=== Begin Enclosure ===
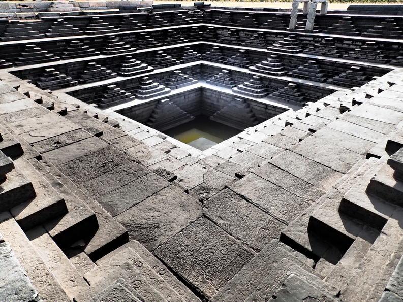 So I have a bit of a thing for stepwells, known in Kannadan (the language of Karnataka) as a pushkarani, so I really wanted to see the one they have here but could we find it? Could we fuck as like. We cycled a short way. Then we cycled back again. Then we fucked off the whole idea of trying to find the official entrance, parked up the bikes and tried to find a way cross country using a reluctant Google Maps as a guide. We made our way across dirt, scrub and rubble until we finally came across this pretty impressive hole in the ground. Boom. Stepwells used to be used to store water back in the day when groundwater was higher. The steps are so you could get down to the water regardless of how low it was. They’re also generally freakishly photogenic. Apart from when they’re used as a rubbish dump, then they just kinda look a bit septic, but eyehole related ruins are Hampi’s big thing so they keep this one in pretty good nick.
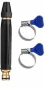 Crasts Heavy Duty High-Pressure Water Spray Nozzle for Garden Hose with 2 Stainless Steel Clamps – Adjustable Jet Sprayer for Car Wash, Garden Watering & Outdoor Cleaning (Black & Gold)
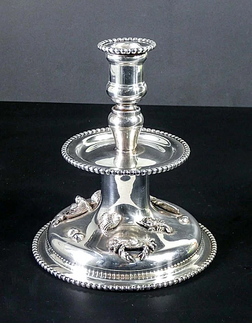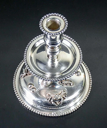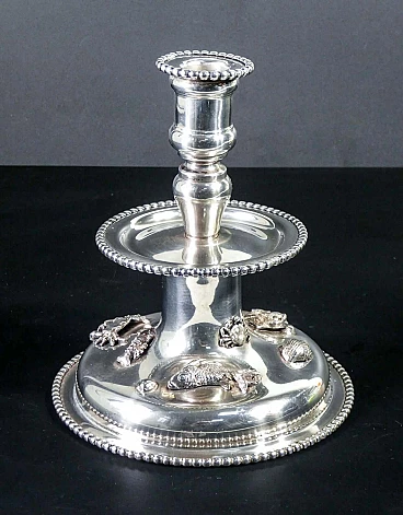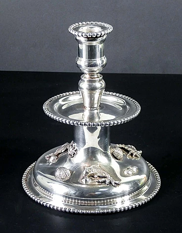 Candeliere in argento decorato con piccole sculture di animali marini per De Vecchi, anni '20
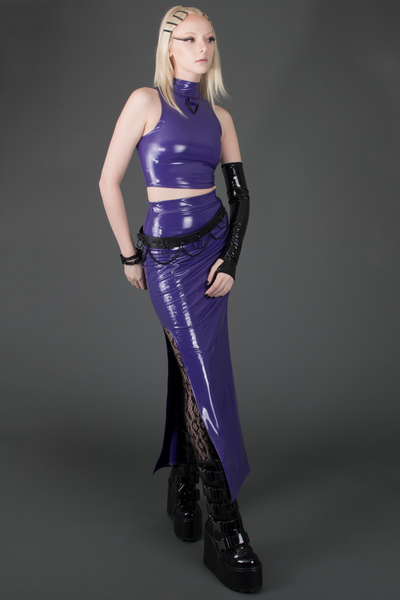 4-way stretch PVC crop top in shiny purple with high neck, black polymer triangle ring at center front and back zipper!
=== End Enclosure ===
Work item: Leave every picture out. Retype the remaining data exactly.

Output of the exercise:
 So I have a bit of a thing for stepwells, known in Kannadan (the language of Karnataka) as a pushkarani, so I really wanted to see the one they have here but could we find it? Could we fuck as like. We cycled a short way. Then we cycled back again. Then we fucked off the whole idea of trying to find the official entrance, parked up the bikes and tried to find a way cross country using a reluctant Google Maps as a guide. We made our way across dirt, scrub and rubble until we finally came across this pretty impressive hole in the ground. Boom. Stepwells used to be used to store water back in the day when groundwater was higher. The steps are so you could get down to the water regardless of how low it was. They’re also generally freakishly photogenic. Apart from when they’re used as a rubbish dump, then they just kinda look a bit septic, but eyehole related ruins are Hampi’s big thing so they keep this one in pretty good nick.
 Crasts Heavy Duty High-Pressure Water Spray Nozzle for Garden Hose with 2 Stainless Steel Clamps – Adjustable Jet Sprayer for Car Wash, Garden Watering & Outdoor Cleaning (Black & Gold)
 Candeliere in argento decorato con piccole sculture di animali marini per De Vecchi, anni '20
 4-way stretch PVC crop top in shiny purple with high neck, black polymer triangle ring at center front and back zipper!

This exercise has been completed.